Substantial reform would mean sustained work over long periods of time, involving legislators, activists, and the policy community. It requires, in other words, a concerted effort much like the one Democrats and their allies made in the years prior to passing Obamacare.
Or, alternatively, like the one that Republicans have already started with Medicare. A decade ago, Republicans passed a deficit-funded expansion of the law-the prescription drug benefit that became Medicare Part D. But there was no consensus plan to restrain the entitlement's unsustainable long-term spending requirements, and limited-government Republicans pointed to Part D as a damning indictment of Bush-era conservatism. But over the years, Republicans slowly coalesced around a broad plan drawn up by Rep. Paul Ryan (R-Wis.)-a plan that many expect to be a centerpiece policy for any future Republican governing coalition.
Ryan's work on Medicare suggests that it's possible to bring Republicans together on meaningful health and entitlement reforms. His work also suggests the sort of steps that will be necessary for a plan to gain broader acceptance. Ryan offered multiple versions of his plan over the years, persisting even as GOP leadership kept its distance. As the plan caught on, Ryan met with virtually all of his Republican colleagues individually to walk them through the details, ensuring that they both understood and could explain what the plan entailed. And he worked across the aisle, signing on to a compromise with Sen. Ron Wyden (D-Ore.) that would leave traditional Medicare in place, even while expanding its menu of private options. The plan eventually helped earned him a slot as Mitt Romney's running mate in the 2012 presidential campaign.
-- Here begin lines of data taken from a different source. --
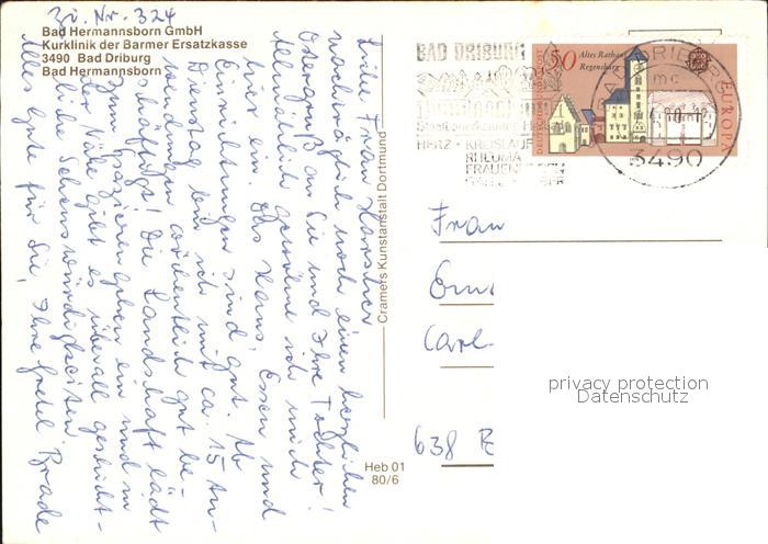alte Postkarte Bad Hermannsborn Kurklinik der Barmer Ersatzkasse Park Teich postalisch gelaufen Erhaltung siehe scans
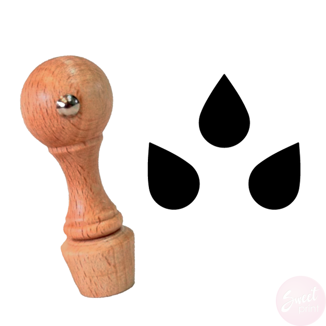 Drewniany stempel ze znaczkiem w kształcie kropelki. Zaskocz swoich klientów niecodziennym wzorem!
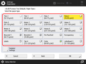 Press [Detailed Settings], and select the paper type from the displayed list.
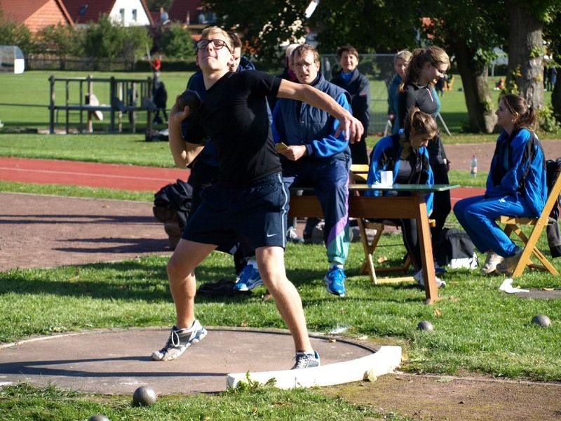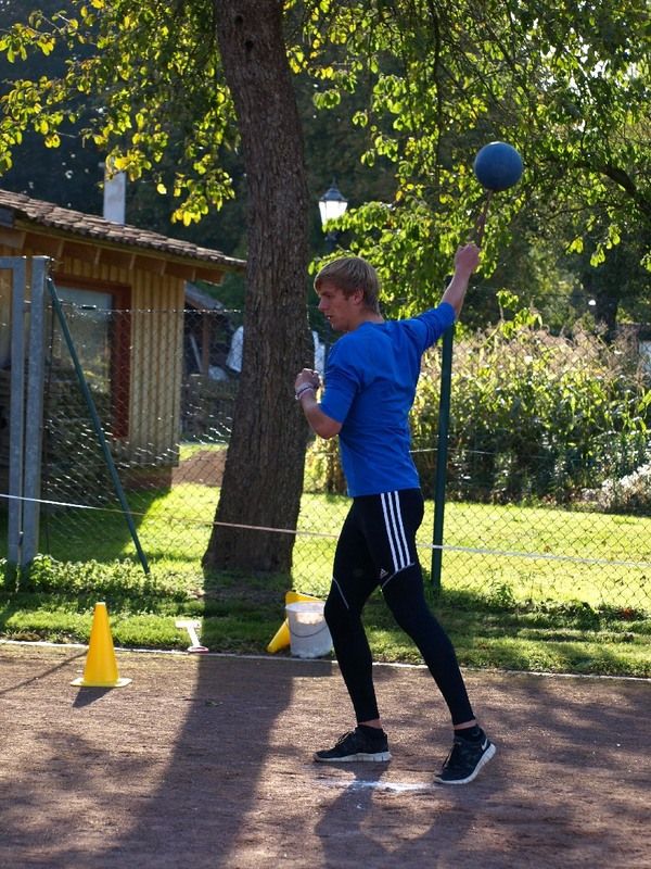 20131003 ebergoetzen martin 800x600Bei sonnig-windigem Herbstwetter schloss das LGG-Wurfteam die Freiluftsaison in Ebergötzen beim Werfertag am Feiertag zur Deutschen Einheit. Insbesondere in den Kugelstoßwettbewerben und beim Schleuderballwurf zeigten sich die jungen Leute hoch motiviert von ihrer besten Seite. Die Koch-Zwillinge (U18) stießen die 5kg-Kugel so weit wie noch nie in dieser Saison: Martin steigerte sich technisch stark verbessert auf 11,84m (2.), Julius kam auf 10,51m (3.). Von den Umstehenden beklatscht wurden Merle Henkels (U18) Kugelstöße, von denen der weiteste 12,27m (1.) maß.
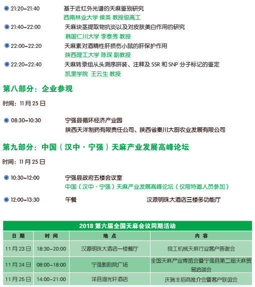 全国天麻会议自2012年在湖北宜昌举办首届以来,相继在北京昌平(2013年)、贵州德江(2014年)、贵州大方(2016年)、云南彝良(2017年)召开了五届,引导了全国天麻产业的发展和提升,已成为我国天麻行业公认的唯一的专业交流展示平台。陕西汉中是我国天麻传统产区,天麻有性繁殖人工Manbetx体育手机版V17版本发布.官网安卓网.香港最早成熟于汉中宁强县,经过几代人的努力,宁强县已发展成为天麻“两菌一种”的主要供应区之一,天麻种植面积一直稳定在1.5万亩左右,年产鲜天麻超过1万吨,年均实现产值2亿多元,覆盖全县贫困户近万户三万余人,已成为宁强县脱贫攻坚的主导产业和支柱性特色产业。中国菌物学会产业专题技术论坛(二十)——2018第六届全国天麻会议现定于11月23-25日在陕西省汉中市宁强县召开,以“赋能产业、聚力健康、助推扶贫”为主题,将举行天麻药食同源产业发展高峰论坛、天麻“两菌一种”发展高峰论坛、天麻产业精准扶贫经验交流会、新产品新技术交流会,以及天麻产业博览会、企业参观等活动。本次会议是在大健康产业加速发展的趋势下,在我国脱贫攻坚的关键时期,天麻即将正式列入食药物质目录管理等背景下召开的一次重要会议,推动天麻产业走向规模化、标准化、产业化,将为群众脱贫增收、精准扶贫,全面推进新农村建设和发展贡献智慧和力量。会议安排如下:
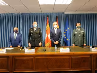 El delegado del Gobierno, en el centro, durante la rueda de prensa en la que ha informado de datos de criminalidad en CyL. - EUROPA PRESS.

Yet Ryan's struggle to convince his own presidential ticket-mate about the reform plan also suggest the limits of even the most diligent GOP policy entrepreneurship efforts. Ryan's Medicare reforms wormed their way into the congressional consciousness as part of a larger budget blueprint that was amended and reissued multiple times over the years, and eventually helped inform Mitt Romney's Medicare overhaul proposal in 2012. But despite the plan's influence, and Ryan's own slot on the ticket, Romney failed to explicitly endorse the Ryan blueprint for reforming Medicare, deciding a less detailed plan would be more difficult to attack.
That sort of calculated political timidity is why so few Republicans have reached the first step: simply coming up with a plan and then making it known. "There should be different approaches out there," says Levin. "They should be competing, and there should be a sense that Republicans want to solve the problems in the health care system, that they should have different ways of solving it than Obamacare, and right now they're thinking it through. But that's just not happening."